There has been a lot of talk about steel and aluminum tariffs levied by President Trump and retaliation by China. But tariffs that were enacted this winter already have far-reaching effects that have not gotten much press. That’s ironic, when you think about it, because the tariffs are on paper — the kind of paper The Bulletin and other newspapers are printed on.
Newsprint falls under a category of paper called uncoated groundwood paper, or UGW. Most American newspapers, from the very large to the very small, use this kind of newsprint, which is supplied by mills in Canada. It has been that way for a long time.
Last August, a New York-based hedge fund bought a small paper mill in Washington state. That hedge fund, One Rock Capital Partners, turned around and petitioned the Commerce Department to deploy federal trade and tariff laws to make newsprint as much as 32% more expensive per metric ton.
Canadian producers have already raised their prices to American newspapers. Even if we got no newsprint from Canada, American mills could not make up the shortfall because many have either closed or now produce paper other than newsprint.
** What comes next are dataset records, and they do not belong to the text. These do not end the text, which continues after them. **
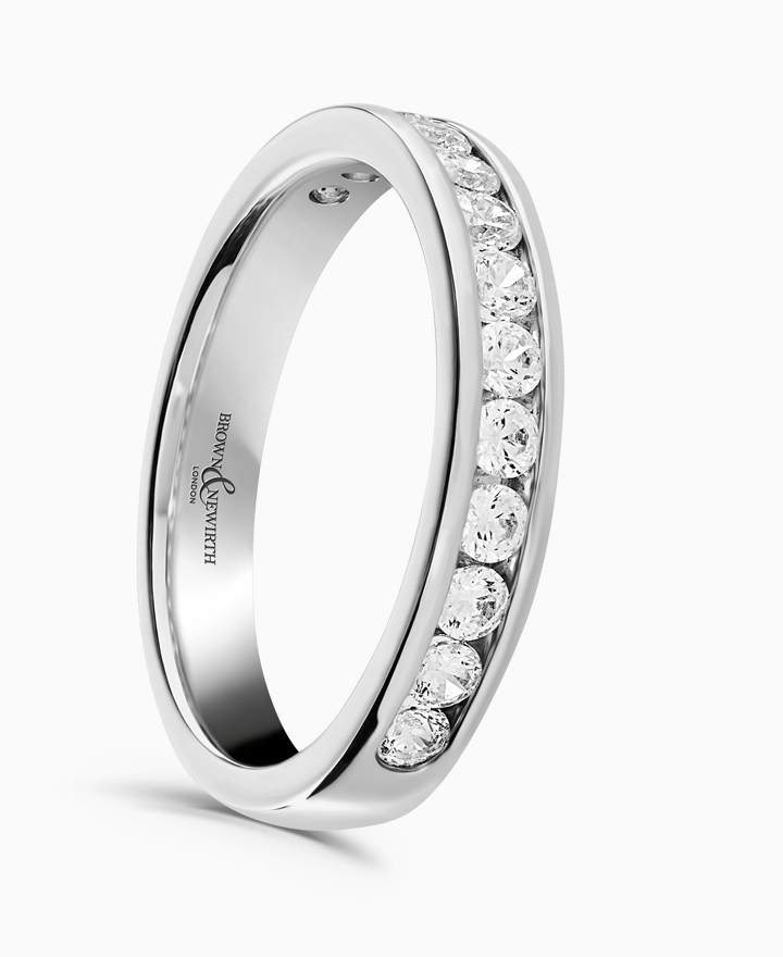 Handcrafted by Brown & Newirth; round brilliant cut diamonds adorn 50% of this straight edged band. Total carat weight 0.50ct. Available in platinum & 18ct yellow gold.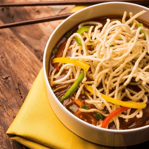 The provided combo image is for reference purposes only. Noodle, noodles tossed in julienne of vegetables, spring onions. Gravy, mix vegetable balls prepared in ginger, garlic, chilli & soya gravy
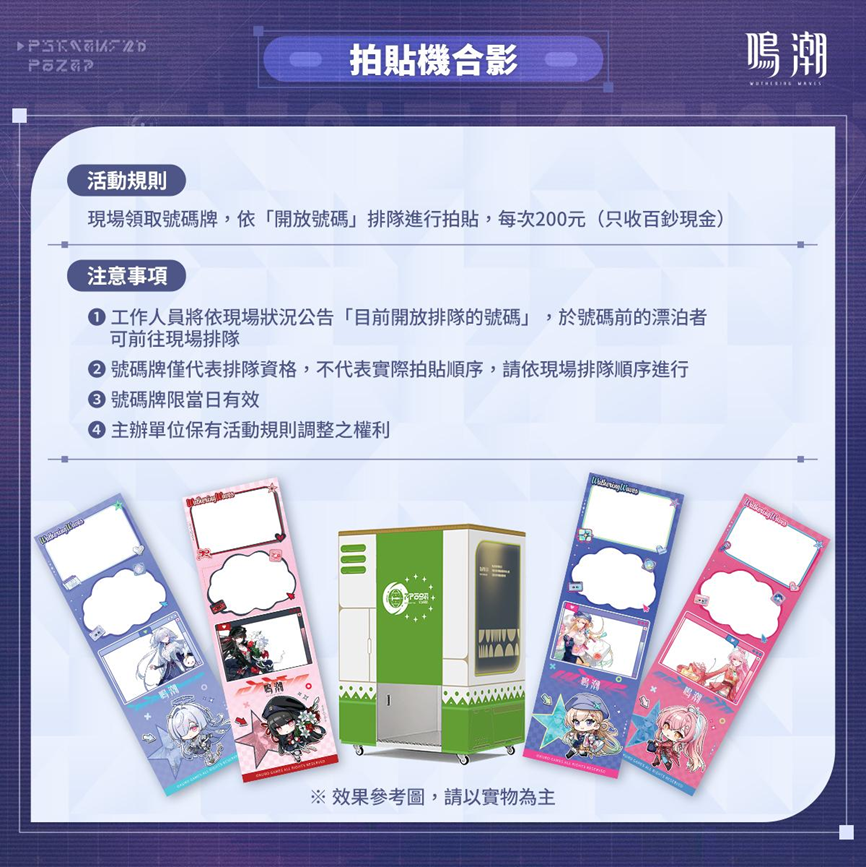 為回饋核心玩家,營運團隊特別規劃資深漂泊者福利。凡聯覺等級達到 80 級的玩家,展期間每日上午 9 點起可至兌換區報到,領取專屬額外獎勵,每日限量 150 名,送完為止。此外,展區設有共鳴者主題的「星炬拍貼機」(每次 200 元,僅收百鈔),舞台區則定時舉辦競速挑戰賽與索拉里斯大猜謎,邀請嘉賓與玩家同樂。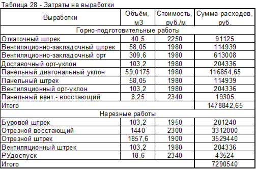 4.3 Источники потерь и разубоживанияК источникам потерь в данных условиях отработки можно отнести потери: камерная система: · потери неотбитой руды на боковом контакте; · потери на крайних камерах; · потери руды в виде рудной корки на стенках закладочного массива, при проходке первой камеры таких потерь не будет; · при проходке смежной камеры потери возникнут со стороны первой камеры; · потери в виде рудной мелочи и по почве камеры; · потери отбитой руды на плинтусах. Так же есть потери в местах геологических нарушений, связанные с оставлением предохранительных целиков. Эти потери являются наиболее крупными. Разубоживание в основном представлено закладочным материалом, отбиваемым с отработкой соседней камеры, а так же породами, прихватываемыми в почве и кровле рудного тела и в местах с невыдержанной мощности: · разубоживание закладкой при проходке сопряжений; · разубоживание руды на боковом контакте; · разубоживание в крайних камерах; · разубоживание на стенках закладочного массива; · разубоживание породой при проходке торцов; · разубоживание закладкой за счет выполаживания слоя; · разубоживание закладкой (мелочью) по почве. слоевая система: · потери неотбитой руды на боковом контакте; · потери на крайних лентах; · потери руды в виде рудной корки на стенках закладочного массива, при проходке первой ленты таких потерь не будет; · потери в виде рудной мелочи и по почве ленты; · потери отбитой руды на плинтусах. Так же есть потери в местах геологических нарушений, связанные с оставлением предохранительных целиков. Эти потери являются наиболее крупными.Разубоживание в основном представлено закладочным материалом, отбиваемым с отработкой соседней ленты, а так же породами, прихватываемыми в почве и кровле рудного тела и в местах с невыдержанной мощности: · разубоживание закладкой при проходке сопряжений; · разубоживание руды на боковом контакте; · разубоживание в крайних лентах; · разубоживание на стенках закладочного массива; · разубоживание породой при проходке торцов; · разубоживание закладкой за счет выполаживания слоя; · разубоживание закладкой (мелочью) по почве. 4.4 Расчет основных технико-экономических показателей систем разработкиСравнение выбранных систем отработки будет произведено постатейно, рассчитана участковая себестоимость одной тонны добытой руды. Окончательный вывод о целесообразности применения той или иной системы разработки будет сделан на основе чистой прибыли, получаемой с одной тонны погашенных балансовых запасов. Основные технико-экономические показатели для сплошной слоевой системы разработки с комбинированным порядком выемки слоев:

Paper and ink are two of a newspaper’s biggest expenses after payroll, and these tariffs spell doom for many publishers who were already struggling.
At first glance, readers may not see this as a problem. “I’ll just read the news online,” they may think. What they don’t know is that despite all the dire predictions for the newspaper industry, printed papers support their digital versions. If printed papers disappear … the online versions will quickly follow unless a viable digital subscription model is in place.
If higher tariffs remain, it will be a Pyrrhic victory for One Rock Capital and the U.S. Commerce Department. The wreckage will be tens of thousands of media jobs lost to the wind while communities lose their local newspapers and websites.